多孔生物质衍生炭材料制备及储钠性能研究
(大连理工大学材料科学与工程学院, 大连 116024)
摘要: 采用来自中国新疆地区的生物质———恰玛古为碳前驱体, 充分利用其体内固有的孔道结构, 并在此基础上进行预碳化和活化, 设计制备了多孔生物质衍生炭材料(BDPC)。利用扫描电子显微镜、X射线衍射、Raman光谱、X射线光电子能谱和氮气吸/脱附测试对材料进行结构与物相分析;通过循环伏安法、恒流充放电、循环、倍率和电化学阻抗测试表征了该材料应用于储钠阳极的电化学性能。结果表明, BDPC-600因含有氮、氧杂原子(含量分别为3. 36at. %和7. 61at. %), 故具有良好的储钠性能:当电流密度为0. 1A/g时, 经过100次循环充放电过程后, 可逆容量为187. 7mAh/g, 容量保持率为88. 7%。此外, BDPC-900由于具有较大的比表面积(2396. 60m2/g)和孔容(1. 70cm3/g), 故具有优异的倍率性能。
DOI: 10.48014/pcms.20220603001
引用格式: 韩嘉帅,刘冬明,杨恩恩,等. 多孔生物质衍生炭材料制备及储钠性能研究[J]. 中国材 料科学进展,2022,1(1):25-37.
文章类型: 研究性论文
收稿日期: 2022-06-03
接收日期: 2022-06-25
出版日期: 2022-06-28
0 引言
随着世界经济和人口的爆炸式增长,各种化石能源被大量消耗,资源日渐短缺的同时也造成了酸雨、臭氧空洞和全球变暖等严重的环境问题。为了应对这一挑战,我国提出要在2030年前力争二氧化碳的排放量达到峰值,2060年前争取达到碳中和(简称“双碳”目标),这势必要减少对化石能源的依赖,加大对各类绿色可再生能源的使用。然而,风能、水能和太阳能等可再生资源具有间歇性、区域性和高成本等特点,限制了其广泛应用[1,2]。因此,开发先进的能量转换和存储技术及设备势在必行。锂离子电池凭借其轻巧、高效、便携和高性能等优势自1991年商业化以来得到了极大关注,目前已广泛应用于各行各业[3-5]。然而,锂资源储量有限且分布不均,难以满足未来社会对大规模储能的低成本要求。相比之下,钠分布广泛、储量丰富且价格低廉,而且与锂有相似的理化性质,因此,钠离子电池极具发展前景,在全球范围内已成为新一代电化学储能器件的研究热点[6-8]。
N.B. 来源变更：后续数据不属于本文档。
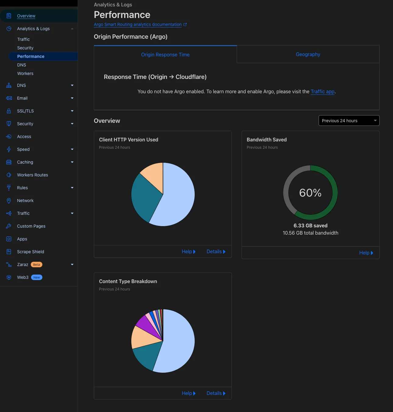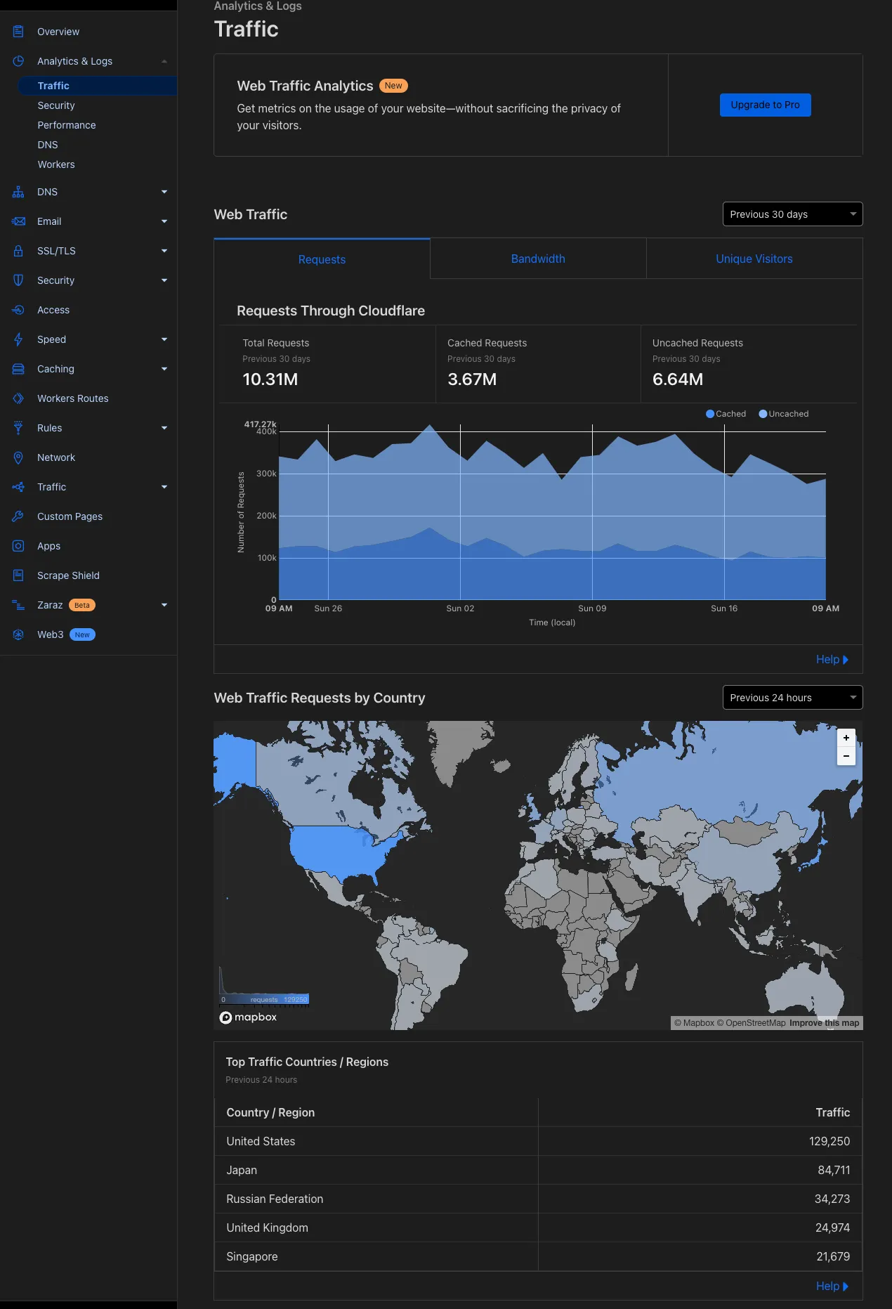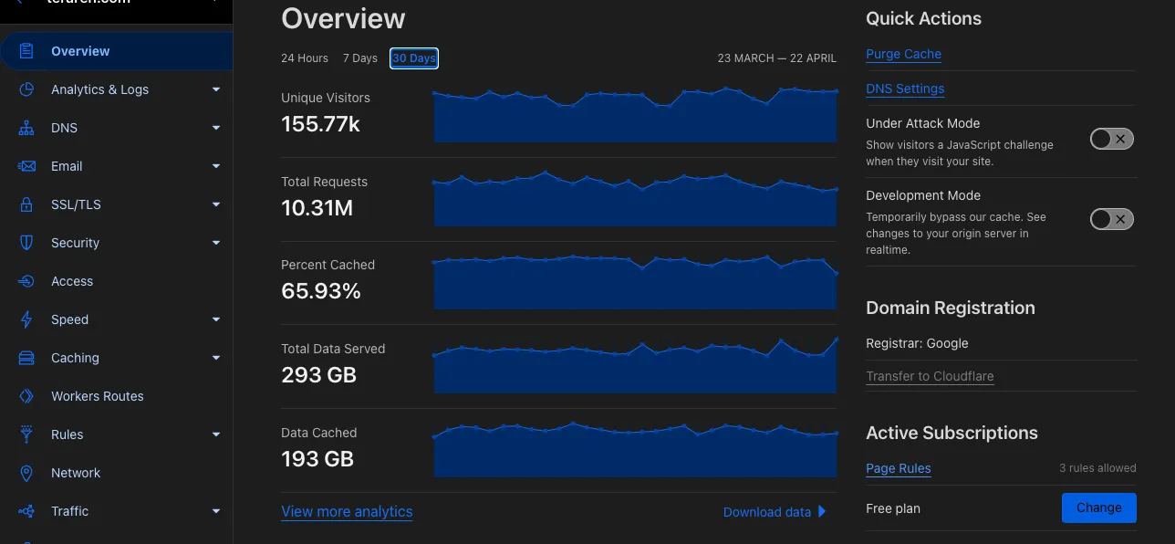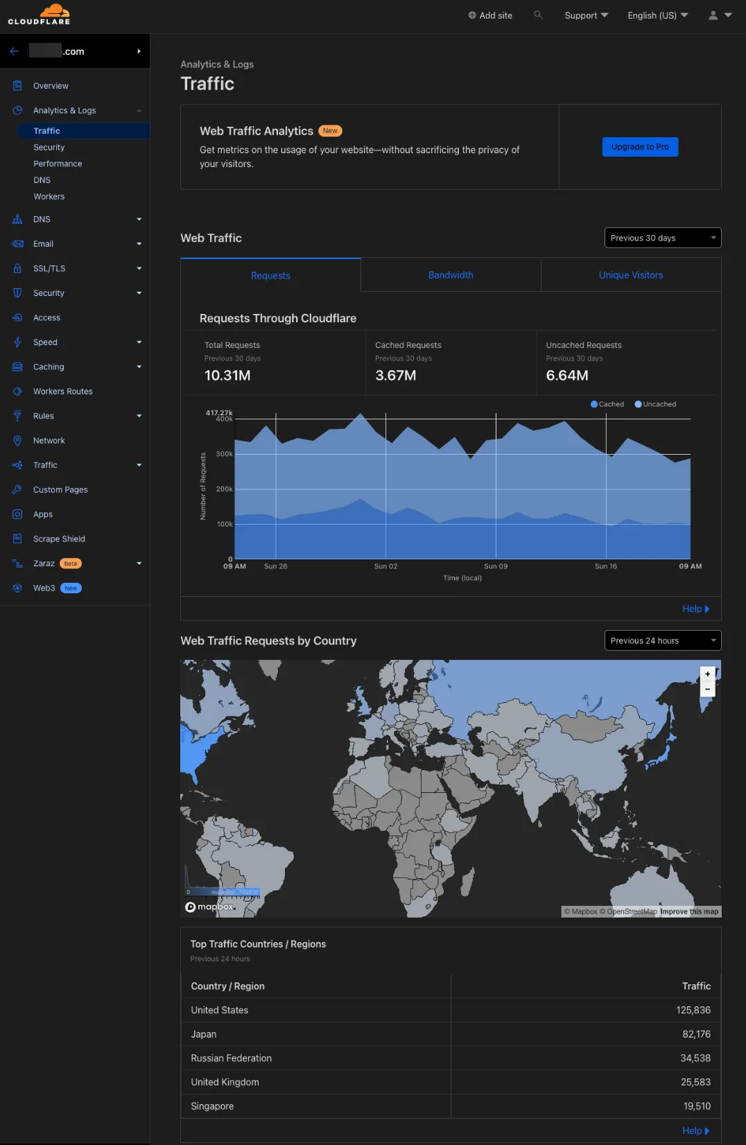 Reverse ProxyとCDNを使いだすと以下のような統計情報が表示されてきます。眺めているだけでも楽しいです。

当前,制约钠离子电池发展的主要瓶颈是缺乏低成本、高安全性、循环性能好的电极材料,其中开发能够与阴极相匹配的高性能阳极材料是核心关键。根据储能机理的不同,常见的钠离子电池阳极材料主要有嵌/脱型材料,如碳基材料、二氧化钛(TiO2)和MXene等;合金化型材料,如Si、Sn、Sb、Ge等金属及金属氧化物等;转换反应型材料,如一些金属氧化物、金属硫化物和金属磷化物等。合金化和转换型材料由于在器件的充放电过程中存在严重的体积膨胀问题,导致循环稳定性骤降,从而影响其实际应用。碳基材料虽然理论比容量低,且倍率性能较差,但是凭借其丰富的来源和稳定的结构一直是钠离子电池阳极材料的首选[9-11]。常见的储钠炭材料主要包括碳纳米管(CNTs)、石墨烯、聚合物碳等,在各类钠离子储能器件中表现出优异的性能。Yan等[12]通过离子热法合成制备了具有三明治状的层状多孔碳/石墨烯储钠阳极材料,在50mA/g电流密度下可逆容量为400mAh/g,并具有优异的循环稳定性。Liu等[13]利用模板法制备了碳包覆的碳纳米管(CNT)介孔硬炭材料,通过碳涂层调节比表面积,利用模板控制介孔的孔体积和孔径分布。由于碳涂层和碳纳米管的协同作用,该硬炭材料在0.1 C时的放电容量可达203mAh/g,经过100次循环充放电后容量保持率为97%。Shao等[10]从分子设计角度出发,采用离子热法合成了具有N、S掺杂的分级多孔碳阳极材料,其在1A/g电流密度下,经过100次循环充放电后比容量为134mAh/g,即使在10A/g电流密度下,其经过2000次循环充放电后比容量仍可达74mAh/g。然而,上述材料制备工艺复杂且成本较高。因此,迫切需要寻找资源丰富、生产成本低、性能优良的可持续材料作为钠离子电池阳极材料。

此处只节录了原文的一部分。